Grandpa and his very lateral thinking!

• Just out of curiosity : Rot13(Znl or vaireg vg naq fnl F.0 = F) – Ak19 Aug 8 '19 at 12:07
• Clever but I am looking for 1/2 – DrD Aug 8 '19 at 12:20
• Could this have something to do with Shear Stress? Shear stress in fluids to be specific. – Abbas Aug 8 '19 at 12:39
• No @Abbas. Grandpa is not that engineering minded. Just crazy. – DrD Aug 8 '19 at 12:42

Maybe Grandpa starts with

SIX = VI

and then (oh no no)

$$S = \frac{VI}{IX} = \frac{V}{X} = \frac{1}{2}$$ (by treating the letters as products and cancelling the $$\small I$$'s).
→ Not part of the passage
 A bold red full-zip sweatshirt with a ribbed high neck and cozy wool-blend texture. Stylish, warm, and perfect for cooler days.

A stretch - but Grandpa's been flexible before: Why would five hundred and five be same as one?

• Bulls Eye! Great Lateral Thinking @Tom – DrD Aug 16 '19 at 11:38

It is possible that Grandpa deduces his claim from

The numbering on the models of the iPhone (listed here)
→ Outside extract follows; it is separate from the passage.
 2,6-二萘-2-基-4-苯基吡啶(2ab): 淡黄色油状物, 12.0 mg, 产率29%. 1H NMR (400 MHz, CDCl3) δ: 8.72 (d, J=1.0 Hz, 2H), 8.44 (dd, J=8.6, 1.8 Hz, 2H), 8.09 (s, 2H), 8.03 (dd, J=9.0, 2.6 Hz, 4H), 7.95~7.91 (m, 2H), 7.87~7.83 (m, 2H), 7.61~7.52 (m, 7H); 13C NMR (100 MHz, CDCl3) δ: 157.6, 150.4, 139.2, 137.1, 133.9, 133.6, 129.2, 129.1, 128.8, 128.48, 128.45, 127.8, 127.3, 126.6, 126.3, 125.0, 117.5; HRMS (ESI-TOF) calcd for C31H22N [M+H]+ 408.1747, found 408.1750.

Explicitly, the iPhone numbering according to generation is as follows:

1st gen - iPhone
2nd gen - iPhone 3G
3rd gen - iPhone 3GS
4th gen - iPhone 4
5th gen - iPhone 4S
6th gen - iPhone 5 (and iPhone 5C)
7th gen - iPhone 5S
8th gen - iPhone 6 (and Plus)
9th gen - iPhone 6S (and Plus)
10th gen - iPhone 7

If Grandpa were to reasonably assume that the model numbering up to this point follows an arithmetic progression, then it would be fair to say that $$S$$ represents $$0.5$$ or, indeed, $$\frac{1}{2}$$. That is, for example, iPhone 5S is really iPhone 5.5

Of course, the progression is broken in the next generation with iPhone 8 but the argument can still be made that if an intermediate version between iPhone $$N$$ and iPhone $$(N+1)$$ is constructed then it takes on the numbering scheme iPhone $$NS$$ which we can reasonably assume to be equivalent to iPhone $$(N+\frac{1}{2})$$ as it claims a generational position of its own without bias towards its predecessor or descendant.